British taxpayers’ money for ‘celebrating’ World War I

This video is called Trench warfare at its worst – Battle of Somme 1916.

This video from Britain says about itself:

10 Nov 2013

BBC’s Jeremy Paxman says “only a complete idiot would celebrate such a calamity” as the first world war. This is what David Cameron did when he announced plans for the World War I centenary in 2014 and said he wanted the commemoration to be like the celebrations for the Queen’s Silver Jubilee.

By Luke James in Britain:

David Cameron aims to rewrite WWI as heroic ‘epic’

Monday 11th November 2013

Peace groups slam Prime Minister as £50m offered to celebrate slaughter

Offices, classrooms and public spaces will fall silent today as Britain pauses to mark the 95th anniversary of the end of World War I.

Sixteen million people had lost their lives and 20 million more were wounded when the guns finally fell silent across a devastated Europe on November 11 1918.

Britain will unite at 11am to remember the war between vying empires.

But Prime Minister David Cameron chose to use Remembrance Sunday yesterday to trumpet divisive plans to mark the centenary of the start of the slaughter on August 4 1914.

He announced details of a £50 million programme of events to honour an “epic” period of history.

They include a service of dignitaries to coincide with the Commonwealth Games in Glasgow, the laying of commemorative paving stones and a football match at a Flanders battlefield.

Mr Cameron said his Cabinet will meet tomorrow to “make sure they are a fitting way to commemorate all the heroes of the first world war.”

But peace campaigners accused Mr Cameron of depicting the outbreak of WWI devastation as something to “celebrate.”

Stop the War Coalition convener Lindsey German said the plans “use the anniversary to recast that war as one for democracy, not as the senseless slaughter of young men fighting for different empires which it actually was.”

She added: “That really would be a travesty of the truth.”

Ms German is among high-profile figures to have established the No Glory in War campaign in opposition to the government’s plans.

Other supporters include actors Jude Law and Patrick Stewart, musician Billy Bragg, veteran campaigner Tony Benn, Labour MP Jeremy Corbyn and Plaid Cymru MP Jonathan Edwards.

An open letter from the group says they are “disturbed” by the comparison made by the Tory PM between his plans and the “Diamond Jubilee celebrations.”

It states: “Far from being a ‘war to end all wars‘ or a ‘victory for democracy,’ this was a military disaster and a human catastrophe.

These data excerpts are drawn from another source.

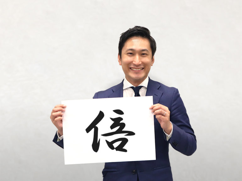 本年のテーマは「倍(ばい)」と致しました。自身が担当させて頂いております金子真珠とVOYAGE KOBEにおいて、現場の皆様の努力による基盤が固まりつつあると実感を得ております。そのような中、さらに成長の速度を早めるために、倍の成果を(裏)目標として設定致します。今までの実績に捉われないように、「倍の目標を設定した場合にどのような取り組みが必要なのか」を常に自問自答し、「大きな変化を起こすためのアクション」を発信し続けます。結果、実績の向上はもちろん個人とチームも倍の成長を遂げられるよう飛躍の年に致します。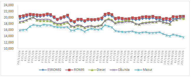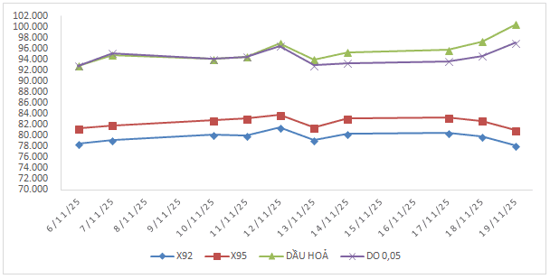 Bình quân giá thành phẩm xăng dầu thế giới giữa kỳ điều hành giá ngày 13/11/2025 và kỳ điều hành ngày 20/11/2025 là: 79,614 USD/thùng xăng RON92 dùng để pha chế xăng E5RON92 (giảm 0,248 USD/thùng, tương đương giảm 0,31%); 82,352 USD/thùng xăng RON95 (giảm 0,222 USD/thùng, tương đương giảm 0,27%); 96,570 USD/thùng dầu hỏa (tăng 1,942 USD/thùng, tương đương tăng 2,05%); 94,346 USD/thùng dầu điêzen 0,05S (giảm 0,272 USD/thùng, tương đương giảm 0,29%); 355,608 USD/tấn dầu mazut 180CST 3,5S (giảm 11,964 USD/tấn, tương đương giảm 3,25%).
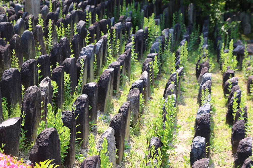 Надгробни плочи в двора на храма Ганго-джи
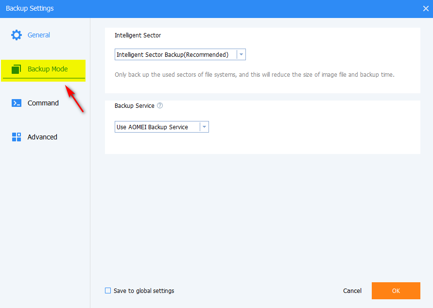 В раскрывающемся списке параметра Intelligent Sector доступно два способа создания резервной копии системного раздела: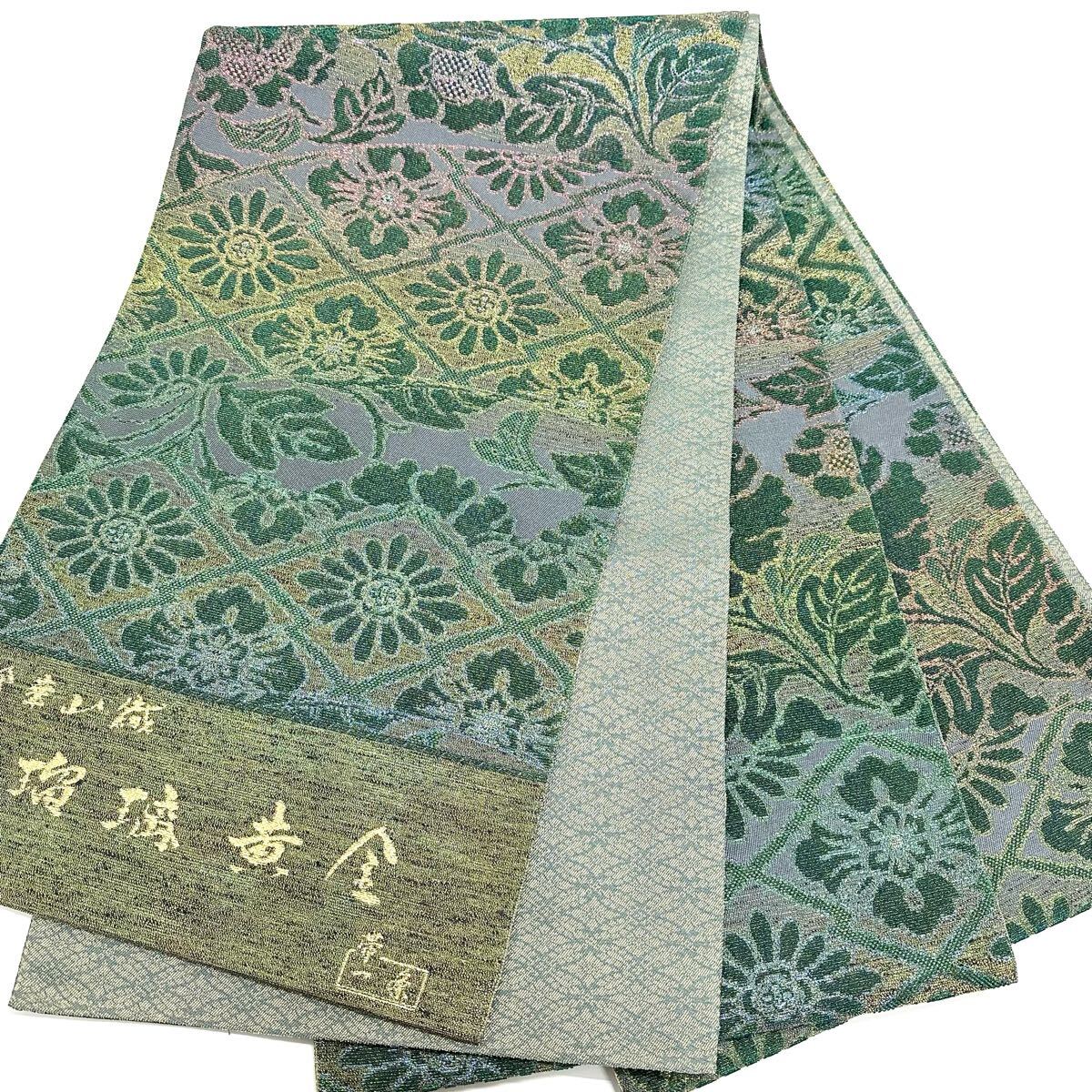 【七福】c512 逸品 高級品 正絹 袋帯 全通 金華山織 瑠璃黄金 正倉院文様 金糸 豪華

“We believe it is important to remember that this was a war that was driven by big powers’ competition for influence around the globe.”

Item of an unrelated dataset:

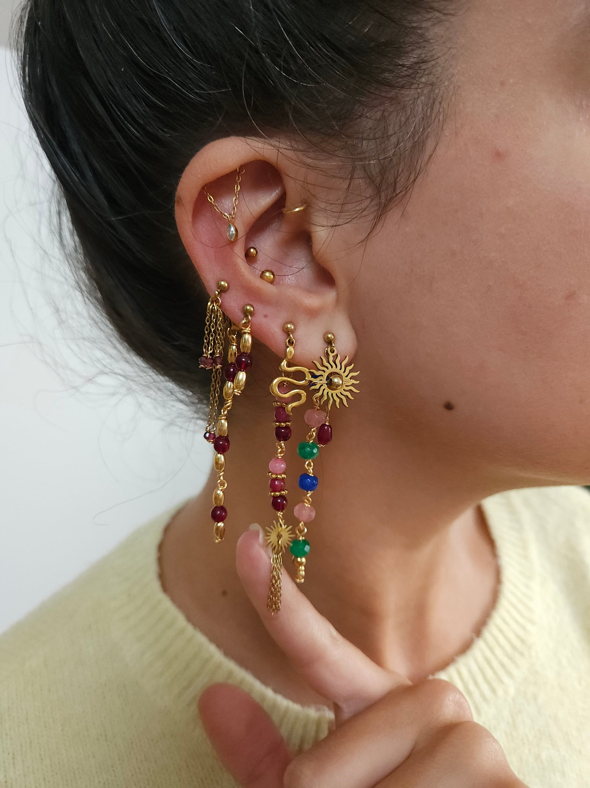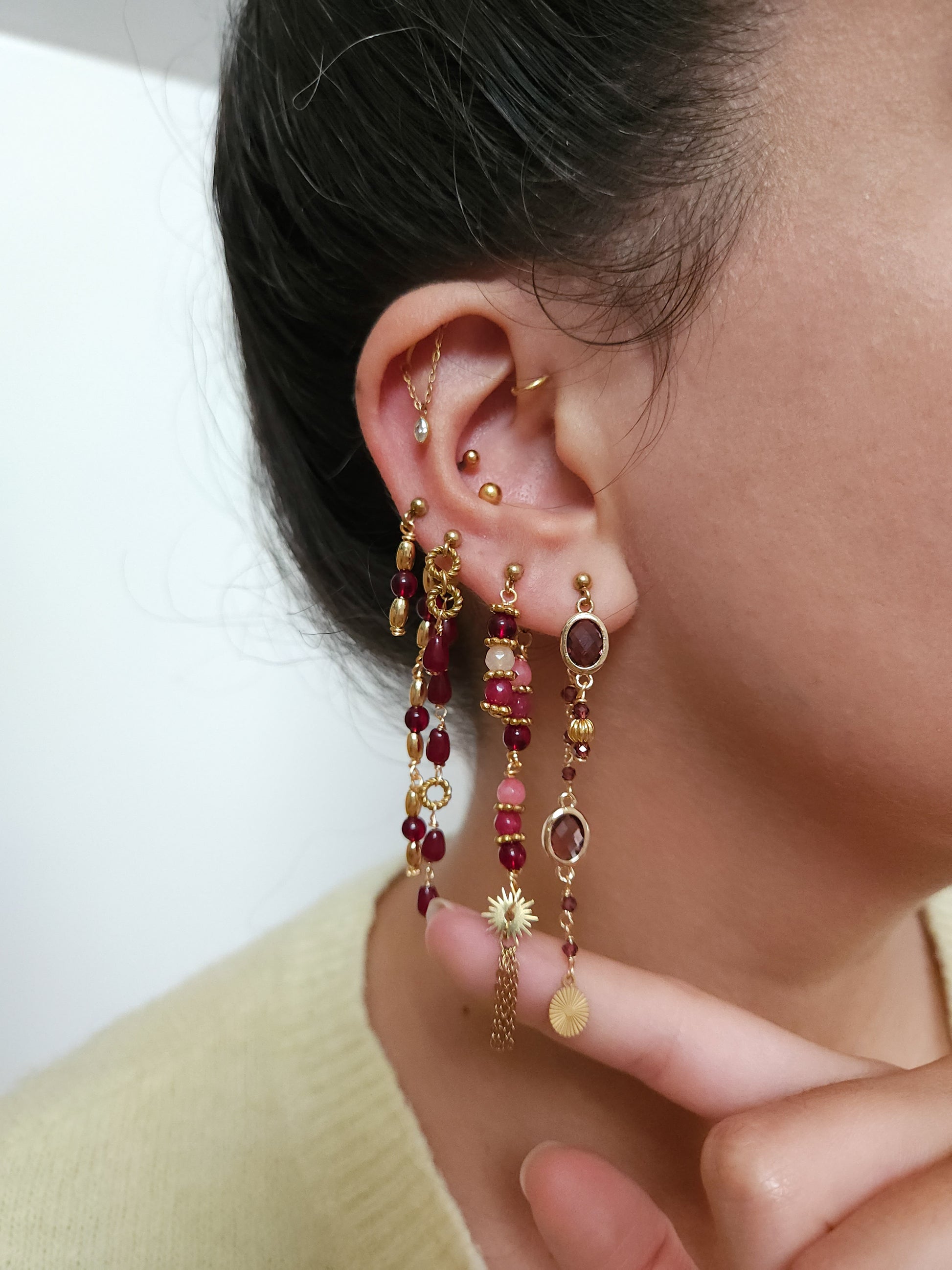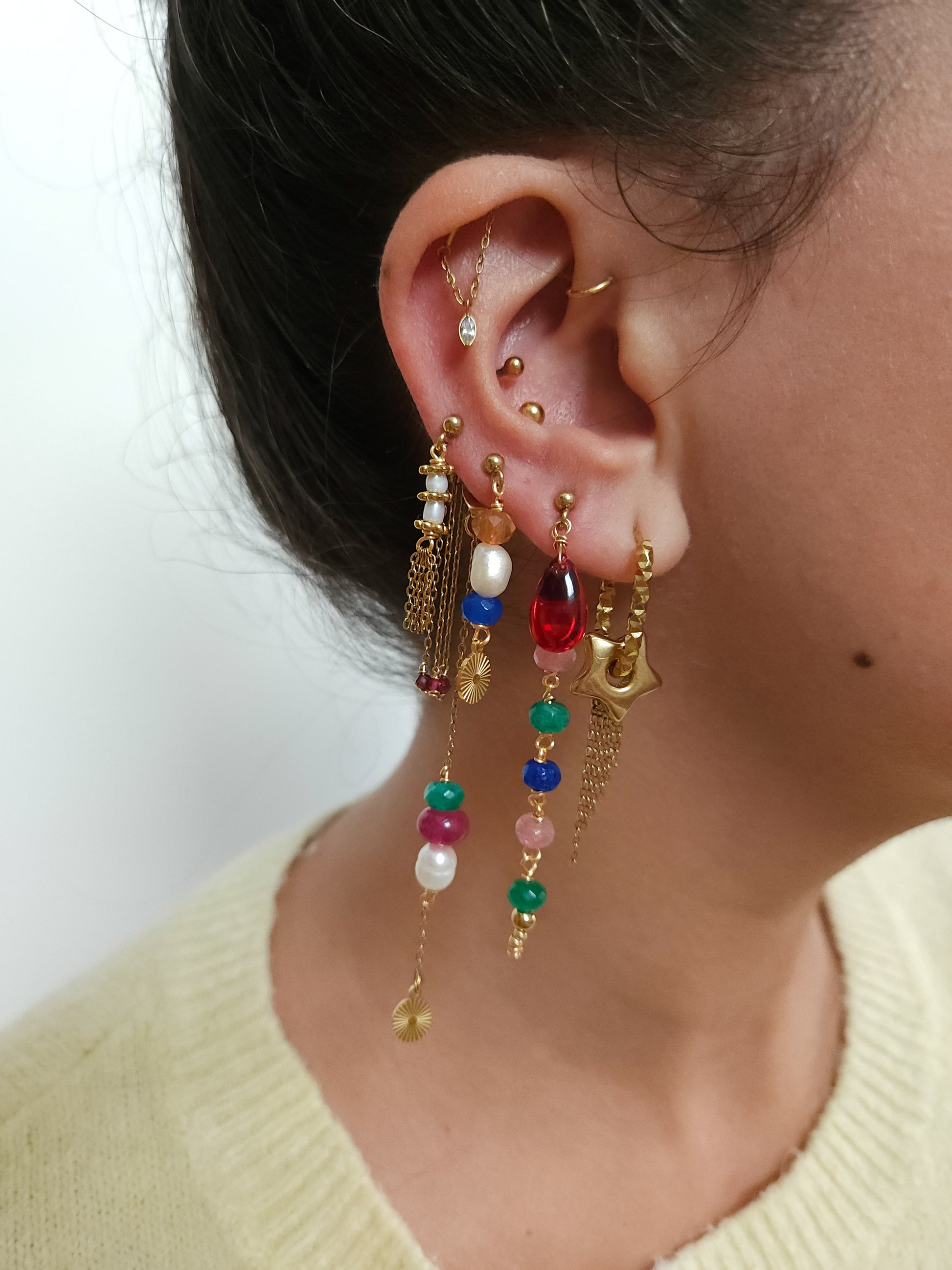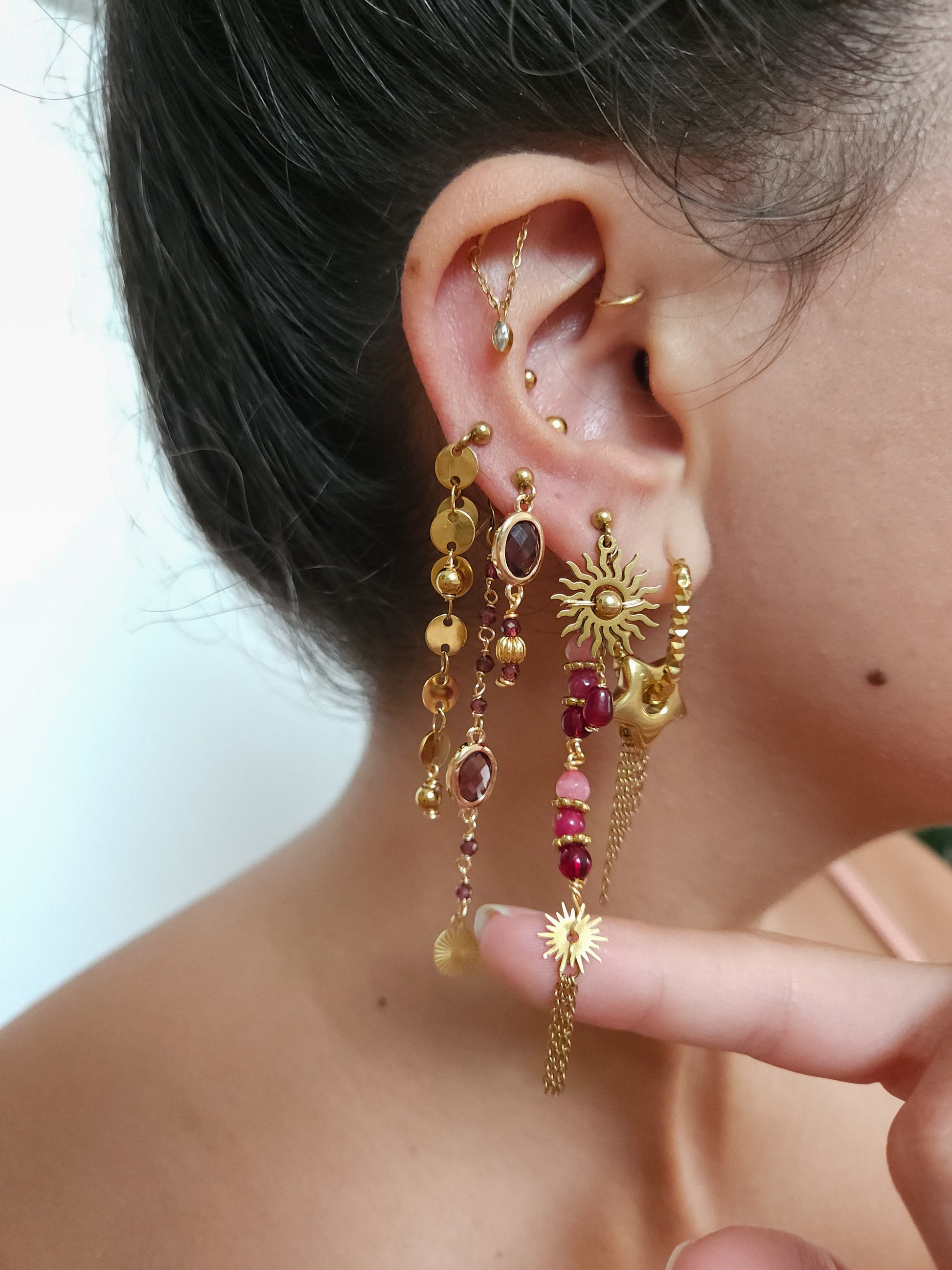 Boucles personnalisables a l’unité en acier et dorées à l'or fin, etoile lune, soleil perles rouges

No Glory in War will organise an alternative calendar of events that will “mark the courage of many involved in the war but also to remember the almost unimaginable devastation caused.”

Plaid Cymru also issued a statement yesterday quoting WWI veteran Harry Patch and called for a commemoration to mark the end of the war.

“The flag-waving and jingoism that persuaded young men to sign up to go to war should not be copied and repeated 100 years later,” it said.

Yorkshire peace campaigners re-enacted a football match yesterday which first took place between German, French and English soldiers during the unofficial “Christmas truce” that briefly halted the first world war in 1914. After laying a white-poppy wreath at Bradford’s war memorial with the Raise Your Banners group, organisations including Yorkshire CND and Quakers had a kick-around in the town’s Centenary Square: here.

Remembering the folly of the Battle of the Somme on Veterans Day: here.

The poppy’s significance to today’s observance is a result of Canadian military physician John McCrae’s poem In Flanders Fields. The poppy emblem was chosen because of the poppies that bloomed across some of the worst battlefields of Flanders in World War I. And their red color seemed an appropriate symbol for the bloodshed of trench warfare.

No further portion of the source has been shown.